Improve Access to Behavioral Neurology Diagnostics

While the heart of behavioral neurology remains cognitive service, new diagnostics complement the classic approach. We need to insure reimbursement for neuroimaging and neurophysiological studies of the brain, both structural and especially functional studies (e.g., fMRI, evoked potential, transcranial magnetic stimulation, etc.) when appropriately ordered by behavioral neurologists. We need access to coverage for new diagnostic tests, such as biomarkers when they become viable for clinical use. And we need to make certain that there is both covered access and non-discrimination for genetic testing for behavioral neurology disorders.
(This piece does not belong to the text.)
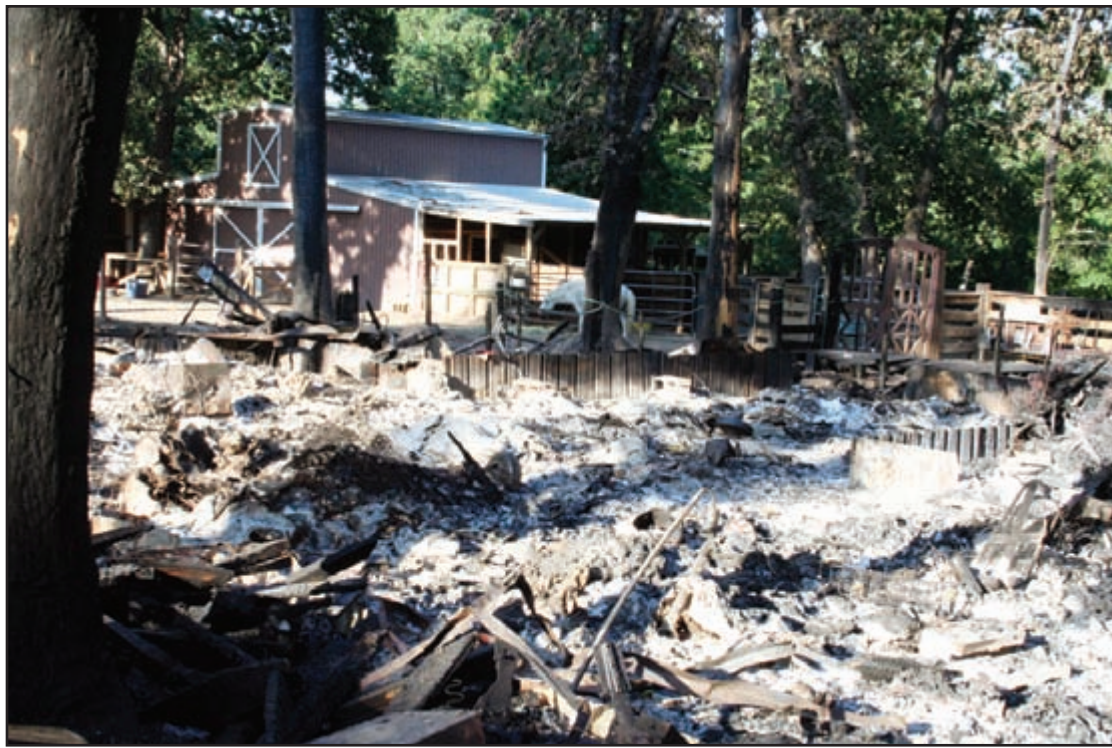
Ash and rubble are all that remain of the beautiful "Hickory Ridge" ranch home.

Behavioral Neurology Advocacy—What You Can Do

Volunteer for Academy advocacy activities: When you receive an Academy Grassroots Advocacy Action Alert on your email, take a few minutes to answer. If you miss one, you can always go online through Vocus. Attend Neurology on the Hill, and show Capitol Hill you care. Apply for advocacy training through the Academy's Palatucci Advocacy Leadership Forum. Take a year to be the next Viste Public Policy Fellow.

Educate lawmakers: Teach about behavioral neurology in every encounter, and explain why it is both special and valuable

Support neurology-patient advocacy coalitions: Examples of such coalitions include the Florida NeuroAlliance, and the Michigan Dementia Coalition.

Keep the behavioral neurology section informed: Become an active participant on the behavioral neurology section list serve and keep your leadership and fellow members informed about the legislative issues you encounter, and attend the behavioral neurology section meetings at the Annual Meeting to speak about advocacy important to behavioral neurology.

Help behavioral neurology provide information to the Academy: Regularly comment and provide supporting information to the behavioral neurology section relevant to Academy legislative initiatives impacting behavioral neurology.

Many of the issues and methods for success in behavioral neurology advocacy are those of neurology as a whole, but as one of the fields at the heart of neurologic tradition, behavioral neurology feels these shared needs poignantly. It is the hope of behavioral neurology that all neurologists will join us in our mission to advocate for the preservation of neurology in the twenty-first century.

Author Disclosure

Within the past five years, Dr. Finney has received research support from Novartis for his work as site principal investigator for a study of the Exelon patch in Alzheimer's disease participants.